SUPPLIED INFORMATION:
☆ ☆ ☆
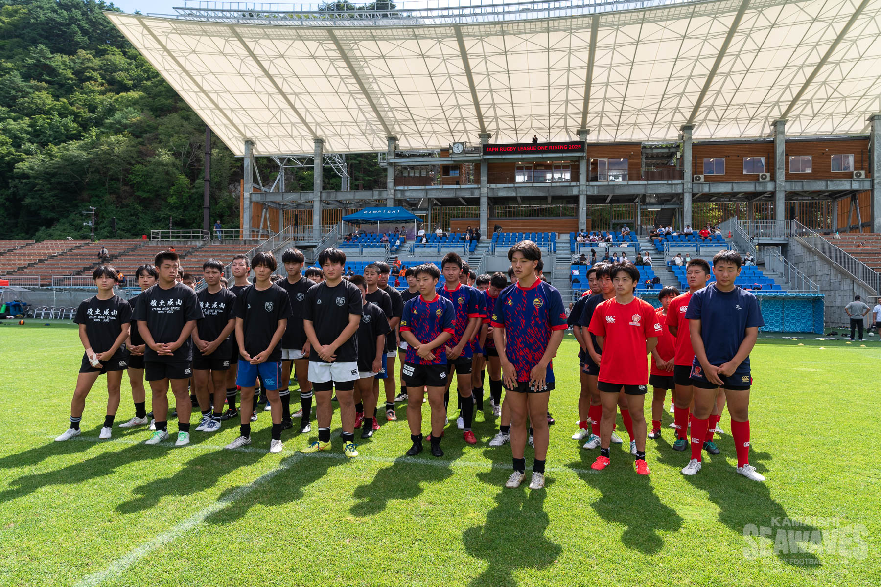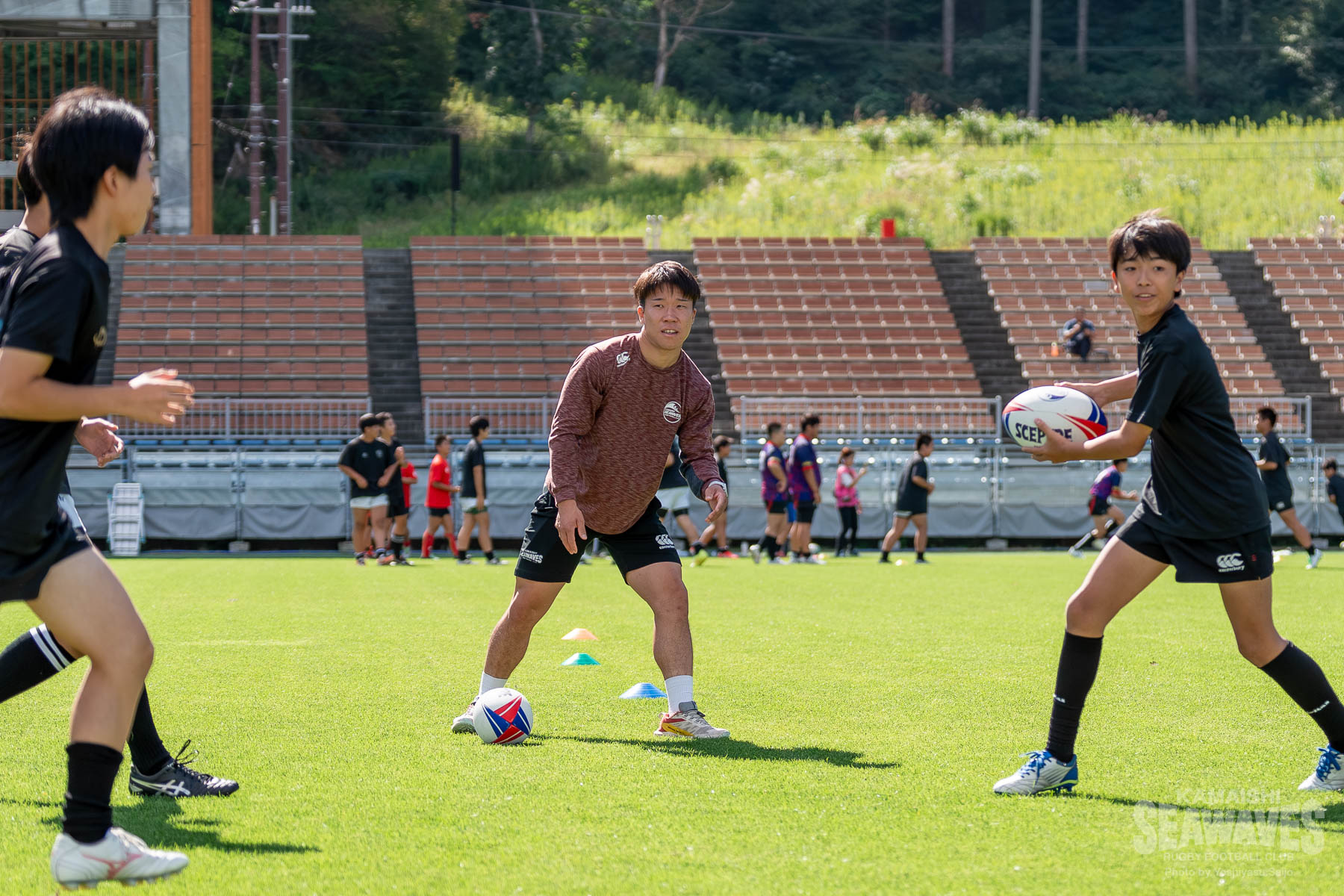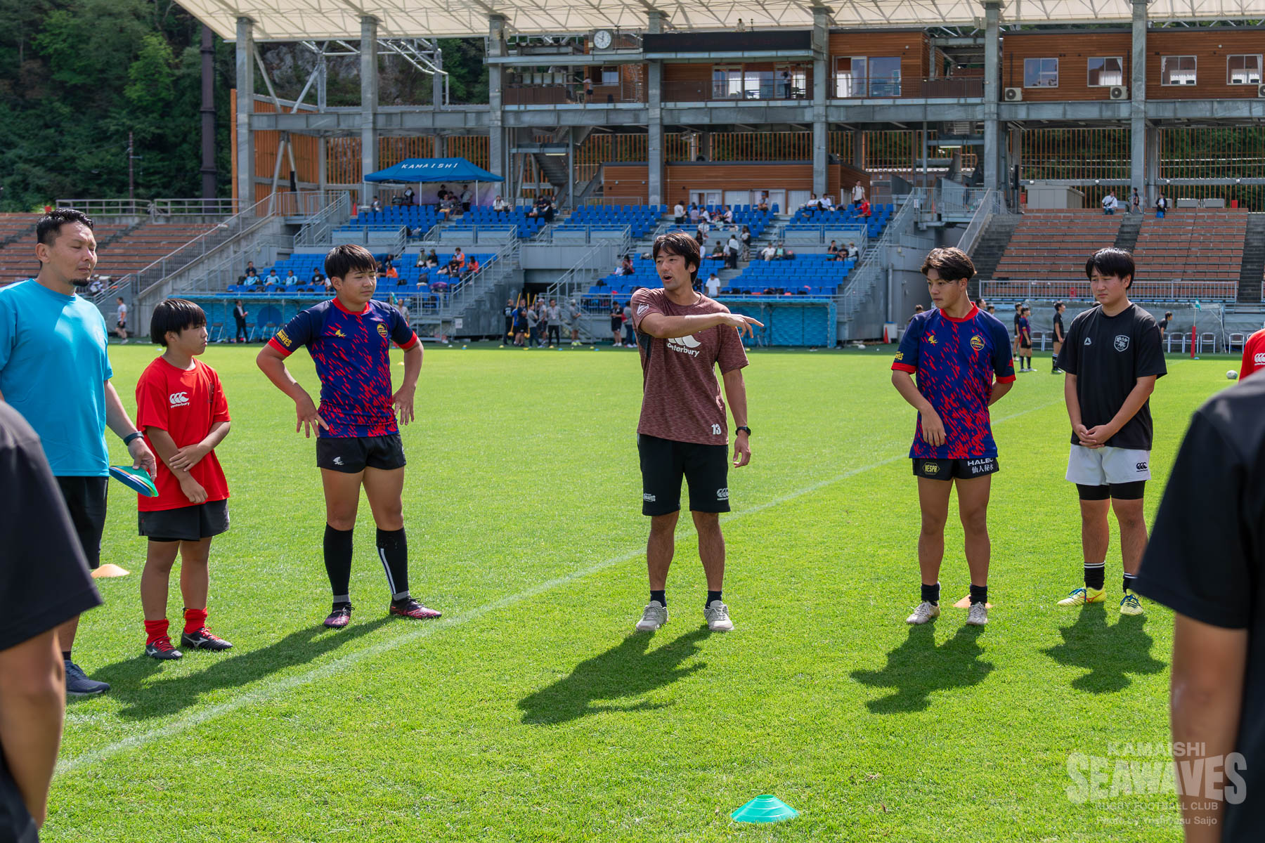 9月27日(土)、釜石鵜住居復興スタジアムで開催されたジャパンラグビー リーグワン ライジング 第1戦 「黄金の國、いわて。」Presents. 県政150周年記念スペシャルマッチ クボタスピアーズ船橋・東京ベイ戦の試合前に、岩手県内の中学生ラグビー選手を対象としたラグビーのまち釜石教室特別編「日本製鉄釜石シーウェイブス×クボタスピアーズ船橋・東京ベイ 合同ラグビークリニック」が行われました。
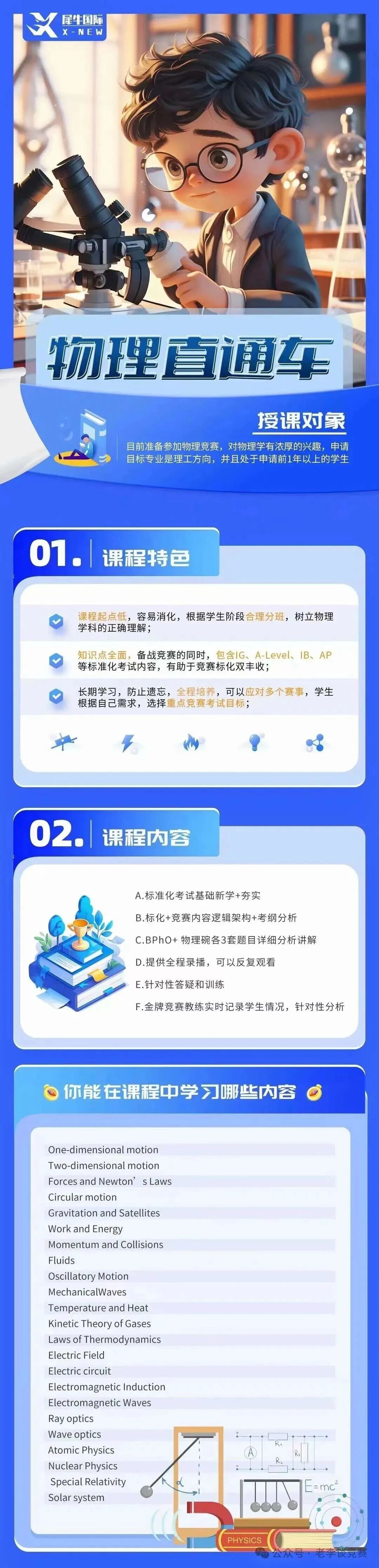 👉最后一个月高效冲刺:先快速刷1 - 2套真题,全面排查自己的知识漏洞,明确哪些模块掌握得不够扎实。然后针对存在较大问题的专题进行专项练习,强化知识点的理解与吸收。遵循“抓重放轻”的原则展开训练,确保能在有限的时间内实现分数的有效提升。考前一个月,平均每周安排2 - 3套题进行模拟演练,严格按照45分钟的考试时间执行,让自己熟悉考试形式和题目难度,更好地适应考试节奏,学会合理分配答题时间。 犀牛国际教育开设物理竞赛直通车,BPhO全程班,物理碗全程班等等多种类型的课程。
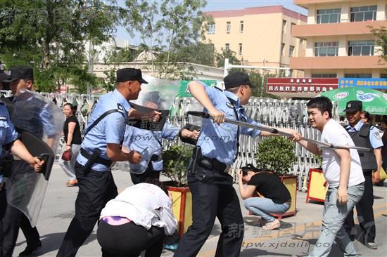 2014年5月29日,昌吉回族自治州人民医院开展应对暴力恐怖事件应急演练,60名医护人员参加了演练。
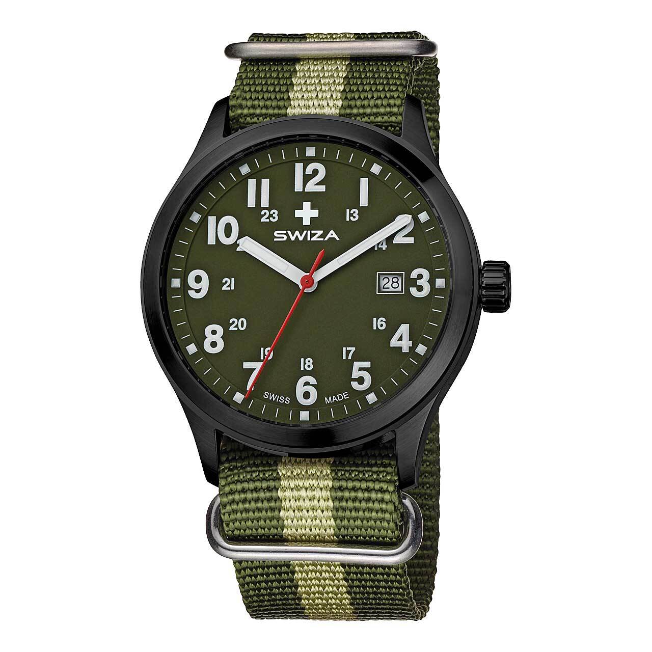 Náramkové hodinky Swiza Kretos Gent 78032- Olive pro dobrodruhy i pro každodenní použití. Hodinky jsou vyrobeny z minerálního skla potaženého safírem, zapouzdřené do sportovního estetického pouzdra z nerezavějící oceli 316L s průměrem 42 mm. Pouzdro je vodotěsné do tlaku 100 metrů. Luminiscenční ruce a arabské číslice s povlakem Super-LumiNova optimalizují čitelnost času. Nylonový náramek s přezkami z nerezavějící oceli, očko na náramek je široké 22 mm.
☆ ☆ ☆
WHAT YOU ARE ASKED TO DO:
Without the pictures, write out the whole listing exactly as it appears.

EXERCISE SOLUTION:
 9月27日(土)、釜石鵜住居復興スタジアムで開催されたジャパンラグビー リーグワン ライジング 第1戦 「黄金の國、いわて。」Presents. 県政150周年記念スペシャルマッチ クボタスピアーズ船橋・東京ベイ戦の試合前に、岩手県内の中学生ラグビー選手を対象としたラグビーのまち釜石教室特別編「日本製鉄釜石シーウェイブス×クボタスピアーズ船橋・東京ベイ 合同ラグビークリニック」が行われました。
 👉最后一个月高效冲刺:先快速刷1 - 2套真题,全面排查自己的知识漏洞,明确哪些模块掌握得不够扎实。然后针对存在较大问题的专题进行专项练习,强化知识点的理解与吸收。遵循“抓重放轻”的原则展开训练,确保能在有限的时间内实现分数的有效提升。考前一个月,平均每周安排2 - 3套题进行模拟演练,严格按照45分钟的考试时间执行,让自己熟悉考试形式和题目难度,更好地适应考试节奏,学会合理分配答题时间。 犀牛国际教育开设物理竞赛直通车,BPhO全程班,物理碗全程班等等多种类型的课程。
 2014年5月29日,昌吉回族自治州人民医院开展应对暴力恐怖事件应急演练,60名医护人员参加了演练。
 Náramkové hodinky Swiza Kretos Gent 78032- Olive pro dobrodruhy i pro každodenní použití. Hodinky jsou vyrobeny z minerálního skla potaženého safírem, zapouzdřené do sportovního estetického pouzdra z nerezavějící oceli 316L s průměrem 42 mm. Pouzdro je vodotěsné do tlaku 100 metrů. Luminiscenční ruce a arabské číslice s povlakem Super-LumiNova optimalizují čitelnost času. Nylonový náramek s přezkami z nerezavějící oceli, očko na náramek je široké 22 mm.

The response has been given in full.